> Problem to solve
In the records below, the relevant part opens with the line containing "HISモバイルは、100MB" and closes with the line containing "Ground floor: entrance"; print that part exactly and only, without its pictures.

> Raw data
※

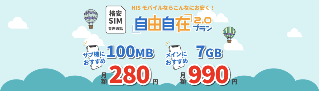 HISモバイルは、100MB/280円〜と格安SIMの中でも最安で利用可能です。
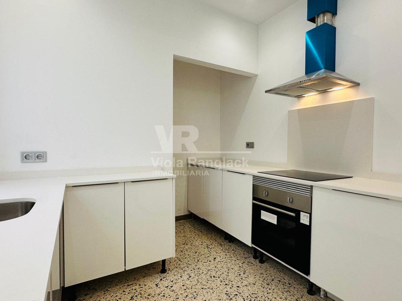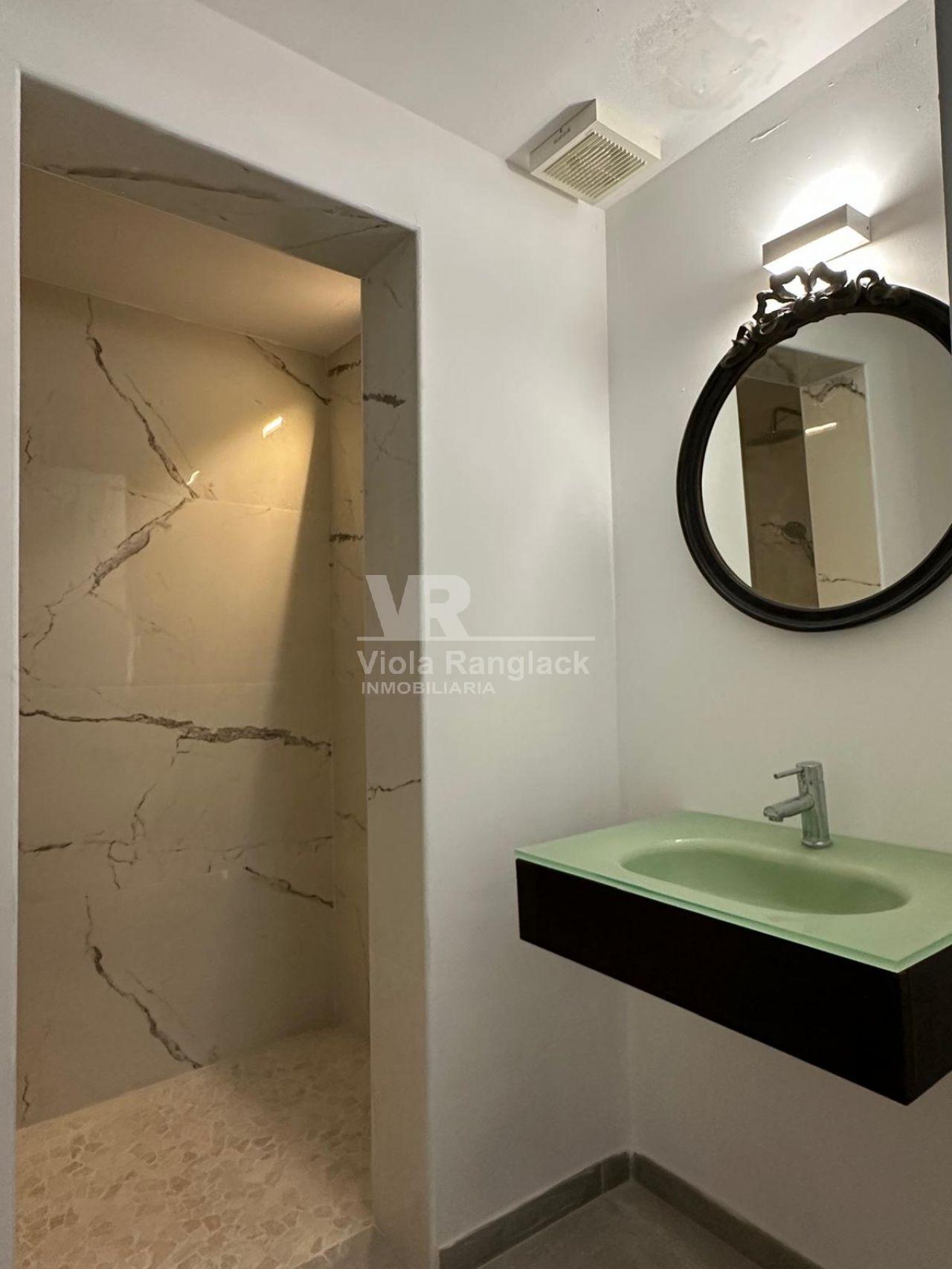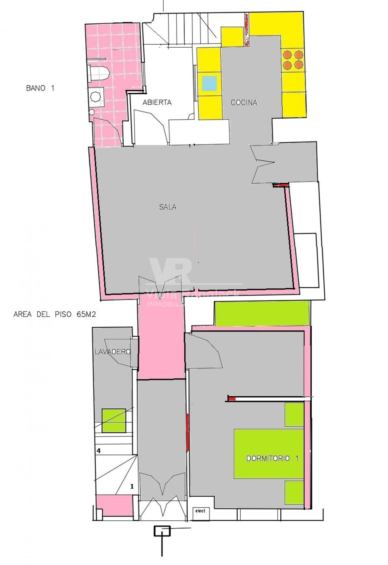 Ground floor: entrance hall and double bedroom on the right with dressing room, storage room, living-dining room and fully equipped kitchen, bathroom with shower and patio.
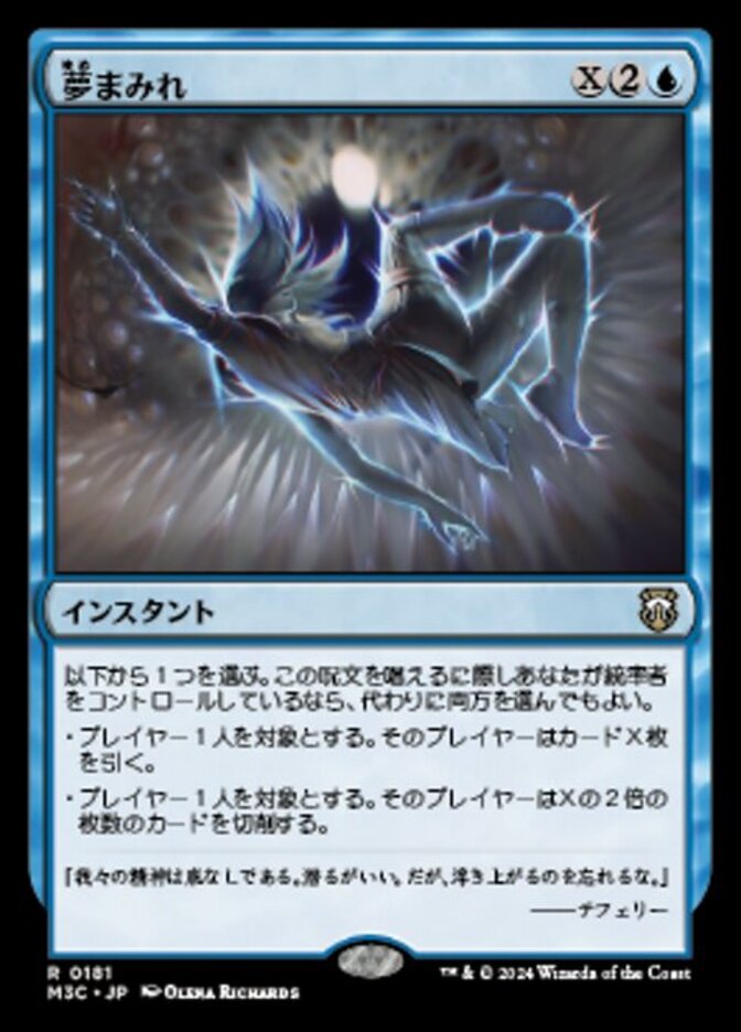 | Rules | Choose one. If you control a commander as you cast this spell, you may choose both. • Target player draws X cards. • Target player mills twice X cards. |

※

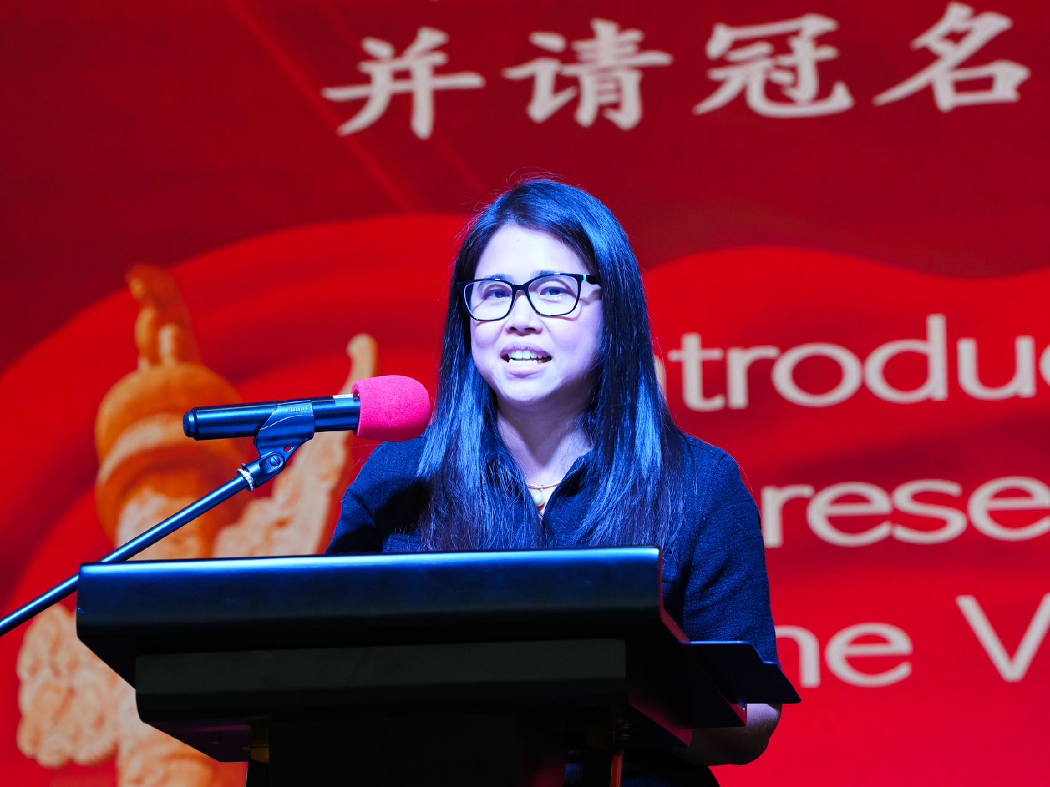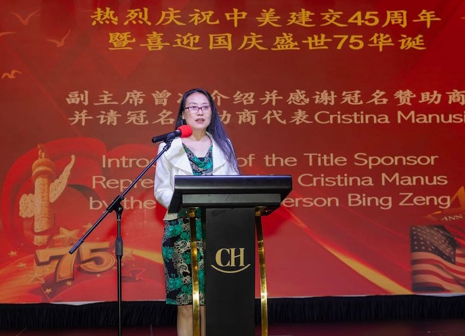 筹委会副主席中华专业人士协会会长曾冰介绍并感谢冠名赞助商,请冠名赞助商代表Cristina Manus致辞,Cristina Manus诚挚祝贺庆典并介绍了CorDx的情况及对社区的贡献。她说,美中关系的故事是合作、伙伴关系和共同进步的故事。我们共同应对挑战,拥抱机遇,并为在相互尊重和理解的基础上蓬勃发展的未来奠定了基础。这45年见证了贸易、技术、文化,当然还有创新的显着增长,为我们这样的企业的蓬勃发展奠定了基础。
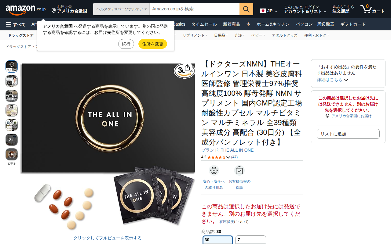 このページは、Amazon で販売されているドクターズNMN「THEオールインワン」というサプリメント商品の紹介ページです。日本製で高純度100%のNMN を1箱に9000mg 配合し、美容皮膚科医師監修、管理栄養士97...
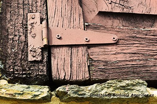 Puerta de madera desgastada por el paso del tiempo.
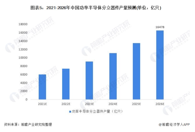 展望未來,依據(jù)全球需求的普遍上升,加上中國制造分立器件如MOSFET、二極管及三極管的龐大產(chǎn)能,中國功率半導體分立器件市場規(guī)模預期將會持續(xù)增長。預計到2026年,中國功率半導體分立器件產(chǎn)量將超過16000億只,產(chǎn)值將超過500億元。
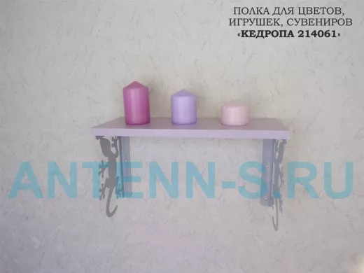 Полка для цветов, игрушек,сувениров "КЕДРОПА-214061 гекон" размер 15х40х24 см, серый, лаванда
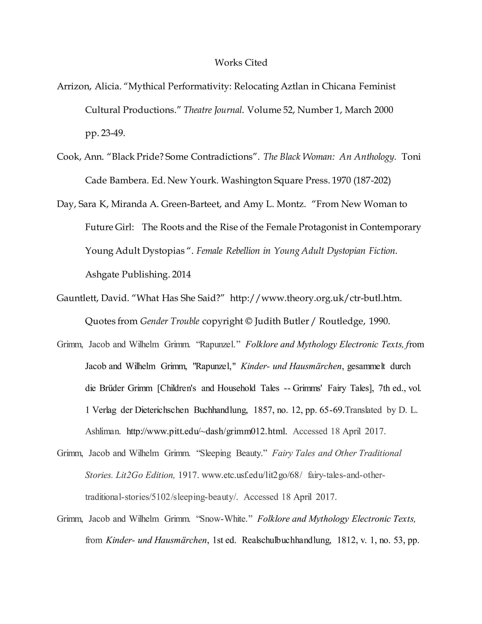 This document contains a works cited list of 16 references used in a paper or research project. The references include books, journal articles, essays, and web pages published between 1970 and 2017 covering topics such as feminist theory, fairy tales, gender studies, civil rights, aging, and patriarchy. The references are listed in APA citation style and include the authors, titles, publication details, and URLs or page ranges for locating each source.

※

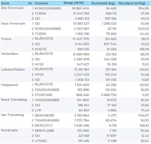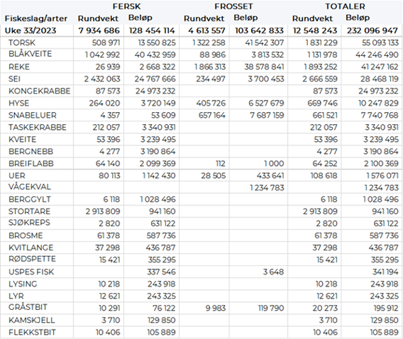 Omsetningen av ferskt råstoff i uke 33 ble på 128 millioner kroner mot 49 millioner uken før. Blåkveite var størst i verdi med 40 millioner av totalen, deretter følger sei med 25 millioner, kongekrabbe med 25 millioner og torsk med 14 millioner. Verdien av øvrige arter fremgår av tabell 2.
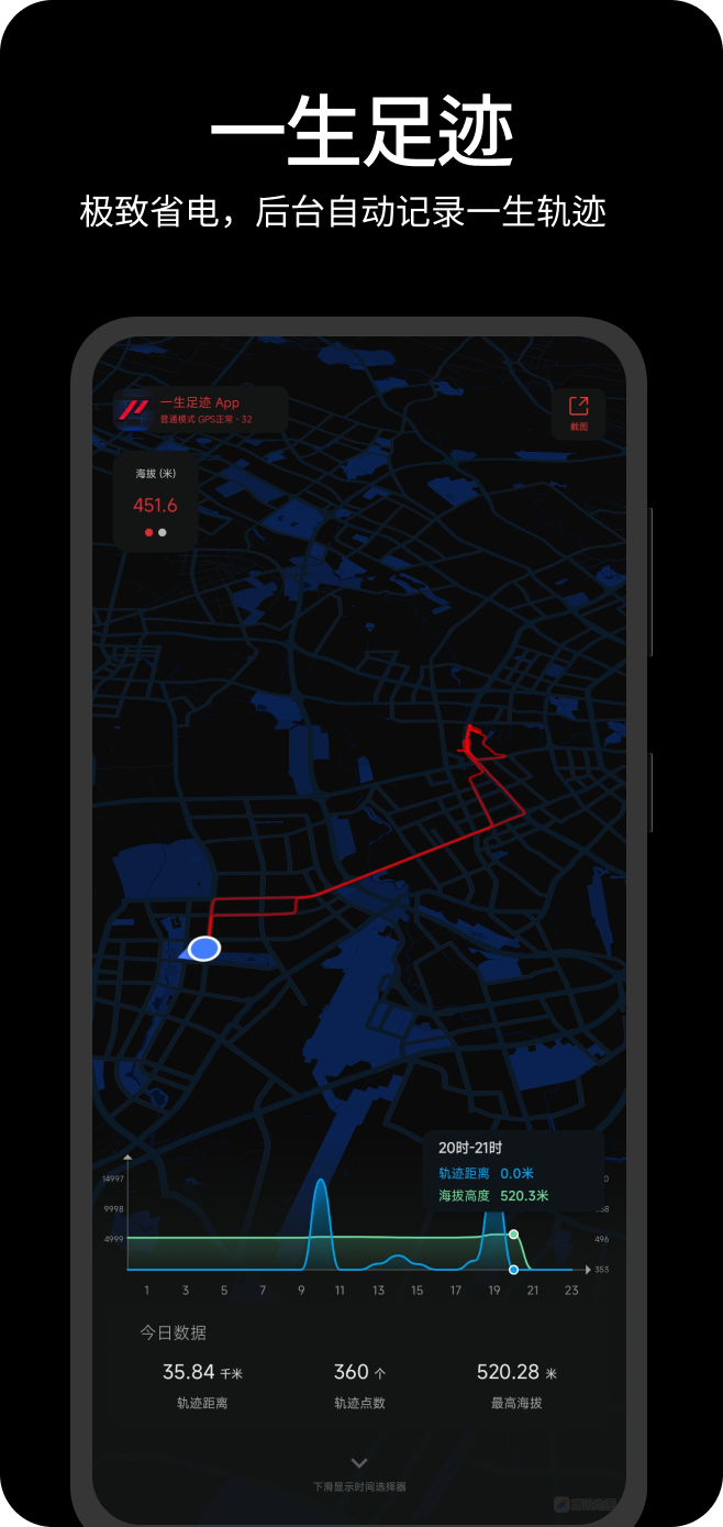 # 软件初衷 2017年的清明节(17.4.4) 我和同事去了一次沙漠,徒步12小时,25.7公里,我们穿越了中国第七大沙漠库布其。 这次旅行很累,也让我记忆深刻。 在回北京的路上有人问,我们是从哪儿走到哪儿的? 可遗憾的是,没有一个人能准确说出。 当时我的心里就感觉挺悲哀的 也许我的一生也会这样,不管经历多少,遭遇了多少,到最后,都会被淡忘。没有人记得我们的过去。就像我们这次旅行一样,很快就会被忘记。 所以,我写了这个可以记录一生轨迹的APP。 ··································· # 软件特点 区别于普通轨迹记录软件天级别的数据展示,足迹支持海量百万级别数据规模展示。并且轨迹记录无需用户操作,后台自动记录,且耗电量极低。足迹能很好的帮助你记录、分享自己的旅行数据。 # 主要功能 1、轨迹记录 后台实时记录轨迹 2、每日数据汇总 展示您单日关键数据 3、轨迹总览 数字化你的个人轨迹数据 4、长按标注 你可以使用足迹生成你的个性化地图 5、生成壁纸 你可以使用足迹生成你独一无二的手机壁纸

※

> Answer box
 HISモバイルは、100MB/280円〜と格安SIMの中でも最安で利用可能です。
 Ground floor: entrance hall and double bedroom on the right with dressing room, storage room, living-dining room and fully equipped kitchen, bathroom with shower and patio.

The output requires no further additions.